Deleting 9 years old Cat.
Deleting 7 years old Cat.
Deleting 5 years old Cat.
Deleting 2 years old Cat.
 | The first thing to notice is the striking similarity to the listing in Hour 19. Go ahead, find the original listing; I'll wait right here…. As you can see, little has changed. |
The biggest change is that each of the class declarations and methods is now preceded by
This tells the compiler that you are parameterizing this list on a type that you will define later, when you instantiate the list. For example, the declaration of the Node class now becomes
template <class T>
class Node
This indicates that Node will not exist as a class in itself, but rather that you will instantiate Nodes of Cats and Nodes of Data objects. The actual type you'll pass in is represented by T.

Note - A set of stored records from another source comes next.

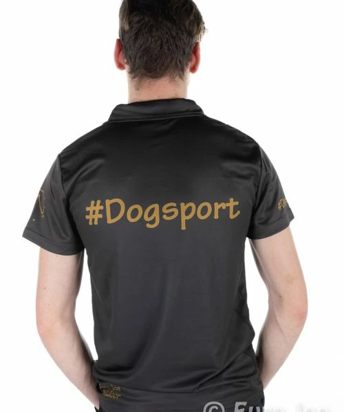 Polo in dark brown, almost black base color, has a golden print of bitework on the front.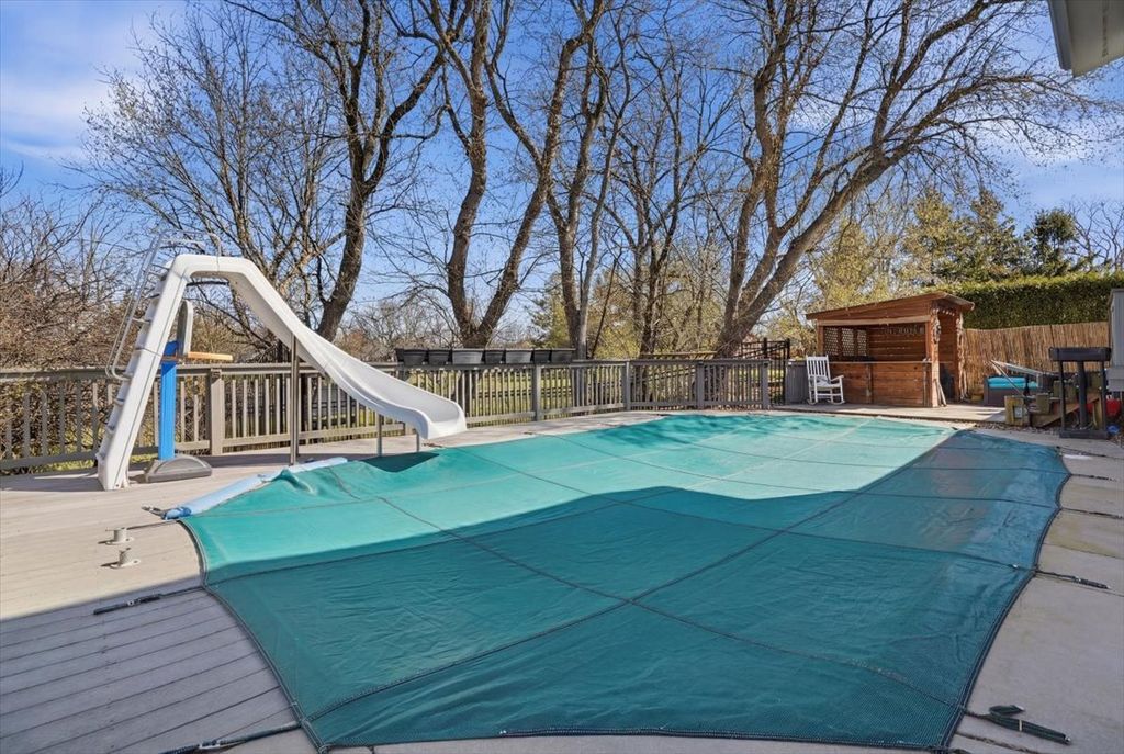 Spacious 4-bedroom quad-level home tucked away on a quiet cul-de-sac lot in desirable Lake Villa! This property features a bright and functional layout with multiple living spaces, perfect for everyday living and entertaining. Enjoy cozy evenings by the fireplace and take advantage of the versatile quad-level design offering flexibility and privacy. Step outside to your partially fenced backyard oasis backing to a serene pond, complete with a semi above-ground pool, pergola, and cabana-ideal for summer gatherings and relaxing weekends. Walking distance to charming downtown Lake Villa with shops, dining, and local events. Includes water rights to Cedar Lake for added beach enjoyment. No HOA! Seller prefers a first week of June closing. A rare opportunity to own a home with space, privacy, and location all in one. (Pool Liner needs to be replaced)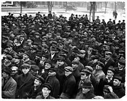 On the morning of Wednesday, December 5, about 15,000 unionists met at the Saint Paul Auditorium and heard speeches from notable labor activists, including Mayor Van Lear.[37] The unionists pledged their support to the streetcar union members and demanded the firing of both McGee and Charles W. Ames from the MCPS.[37] Additionally, they voted to wait until December 11 for federal intervention, vowing to gather again and vote on a general strike if intervention had not occurred by that time.[37] In a bid to show he was not antilabor, Governor Burnquist fired Ames, though kept McGee on the commission.[37] Several days later, on December 7, APL members learned through espionage that some machinist union members were planning a possible statewide general strike.[41] A general strike in the Twin Cities was officially declared to begin at 10:00 a.m. on December 13.[42][43] The union stated that they expected 30,000 people to go on strike, prompting fears that martial law would be declared.[42][44] Governor Burnquist ordered that all liquor stores be closed and instructed the sheriffs of both Hennepin and Ramsey counties to maintain order.[42] By noon, over 10,000 people had walked out of their jobs.[42][43] By that time, Secretary Baker, acting under the authority of United States President Woodrow Wilson, telegraphed William Bauchop Wilson of the President's Mediation Commission to investigate the developments in the Twin Cities, citing a "federal interest" in the matter.[42] Having achieved their goal of federal intervention, at 1:30 p.m., E. G. Hall, the president of the Minnesota chapter of the AFL, called off the strike.[42] In total, this general strike had lasted less than four hours,[32] with no reports of violence.[42] Governor Burnquist, while agreeing to meet with federal mediators, voiced stern opposition to the federal government's decision, calling it an overreach of their power.[42]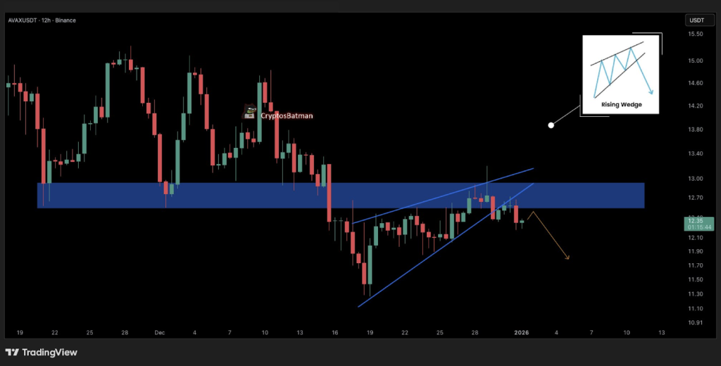 AVAX从12美元支撑位反弹,多头坚守关键水平并寻求向上突破。尽管价格处于关键支撑区上方,但看涨楔形形态发出警示信号。AVAX目标位看向26美元,但仍需突破确认和强劲成交量配合。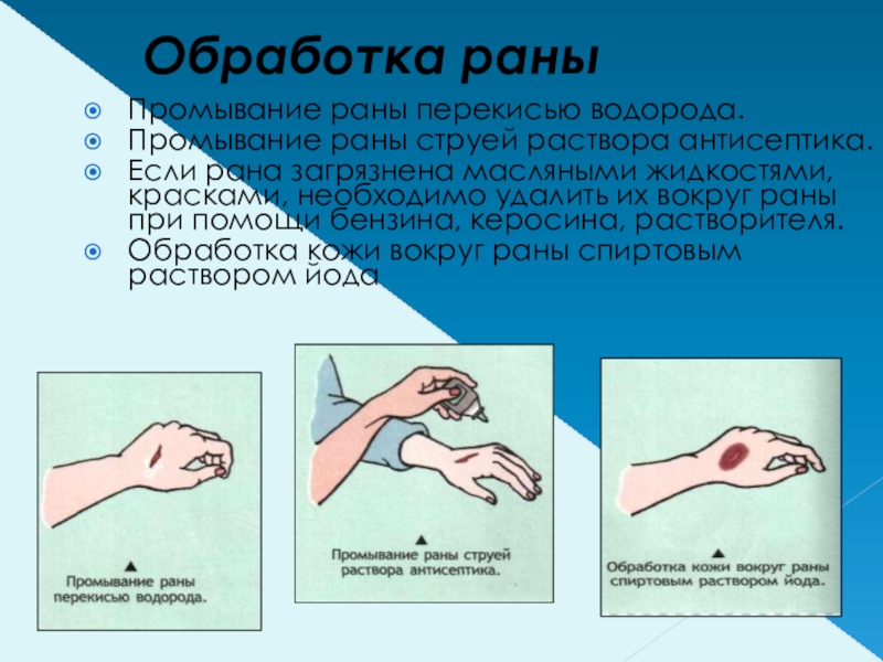 Обработка раныПромывание раны перекисью водорода.Промывание раны струей раствора антисептика.Если рана загрязнена масляными жидкостями, красками, необходимо удалить их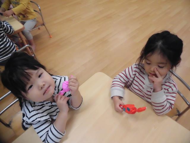 玩具、スプーンやフォーク等の食具の他、クレヨン等様々な道具に触れ、物を握る、使う事に少しずつ慣れてきています。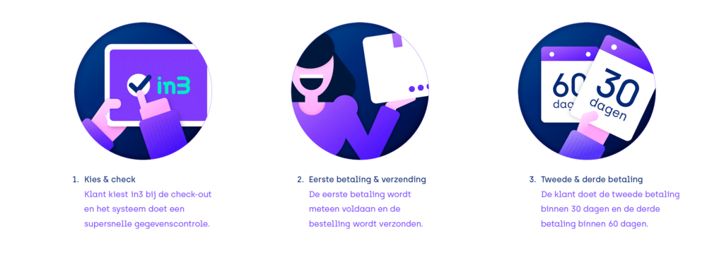 De consument betaalt direct het eerste deel van de bestelling (deel 1 van 3). Het tweede deel moet na 30 dagen betaalt worden, het laatste deel van 60 dagen. Maar jij hoeft je daarover geen zorgen te maken want na het afronden van de bestelling neemt In3 de communicatie over de betaling van je over. Jij kunt je bestelling zorgeloos uitleveren want In3 garandeert de uitbetaling aan jou - ook als de consument niet tijdig betaalt aan In3.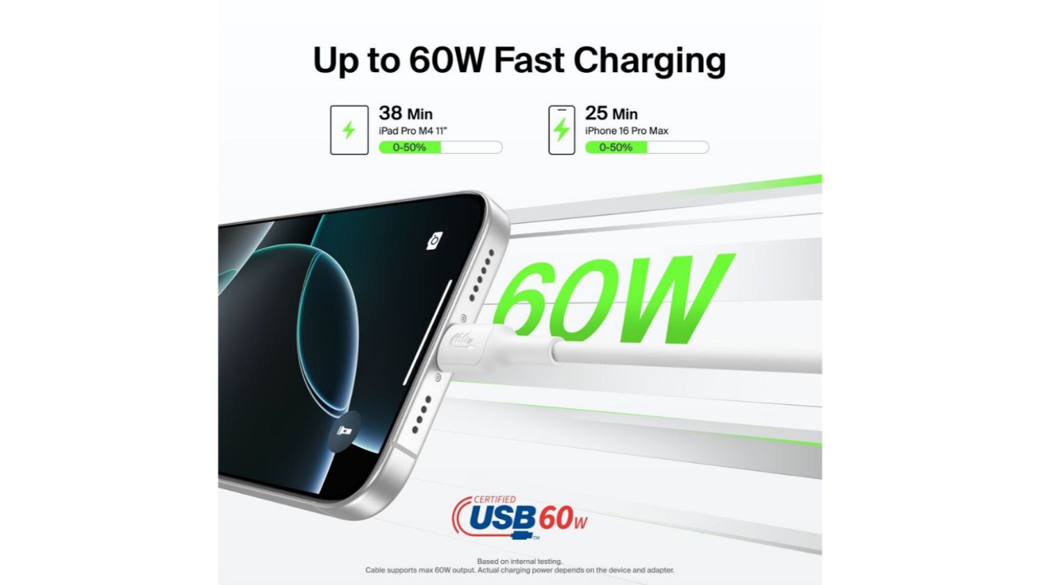 *Based on internal testing. Cable supports a max 60W output. Actual charging power depends on the device and adapter.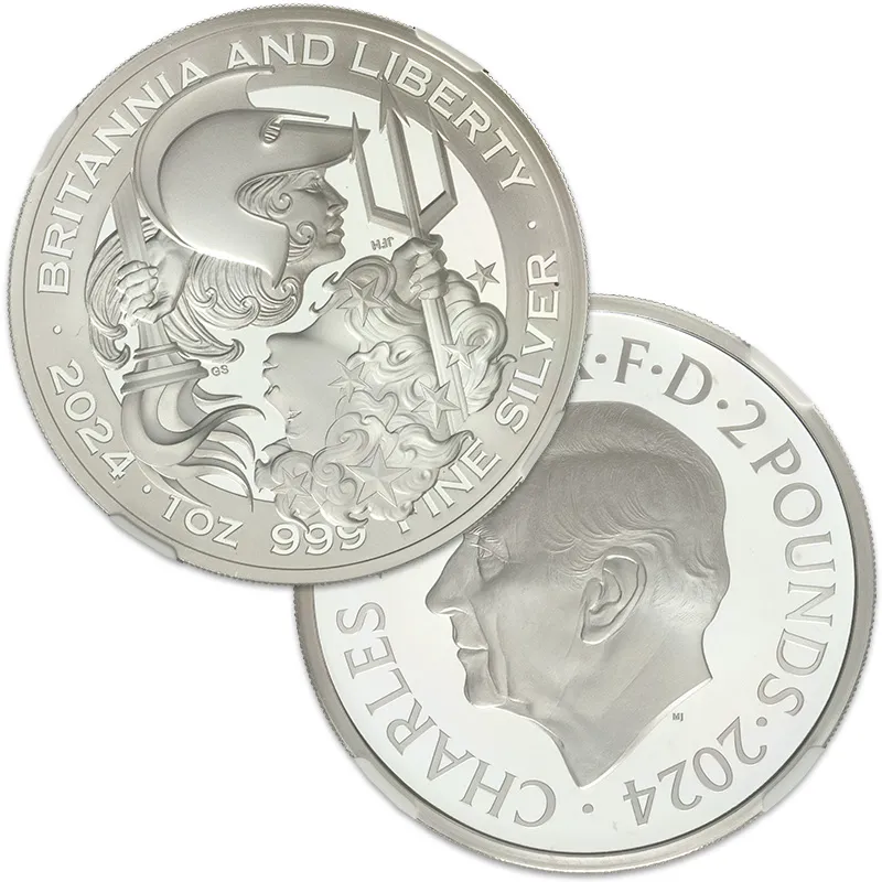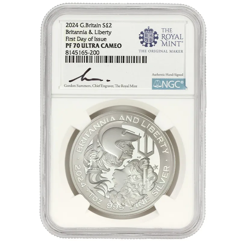 Discover the stunning 2024 Britannia & Liberty 1st Day of Issue 1 oz Silver Coin, graded NGC PF70 Ultra Cameo. This exquisite coin commemorates the rich heritage of both the British and American numismatic traditions, showcasing the iconic designs of Britannia and Lady Liberty. Each coin is struck with meticulous attention to detail, ensuring perfect minting quality as reflected in its PF70 designation. Adding this collectors' item to your portfolio not only enhances your collection but also serves as a remarkable investment in precious metals. Secure this limited edition release and celebrate the legacy of coinage with this exceptional piece.

Thus, InternalNode now becomes InternalNode<T> (read that as “InternalNode of T”). And InternalNode<T> points not to a Data object and another Node; rather, it points to a T (whatever type of object) and a Node<T>. You can see this on lines 118 and 119.
Look carefully at Insert, defined on lines 133–156. The logic is just the same, but where we used to have a specific type (Data) we now have T. Thus, on line 134 the parameter is a pointer to a T. Later, when we instantiate the specific lists, the T will be replaced by the compiler with the right type (Data or Cat).
The important thing is that the InternalNode can continue working, indifferent to the actual type. It knows to ask the objects to compare themselves. It doesn't care whether Cats compare themselves in the same way Data objects do. In fact, we can rewrite this so that Cats don't keep their age; we can have them keep their birth date and compute their relative age on the fly, and the InternalNode won't care a bit.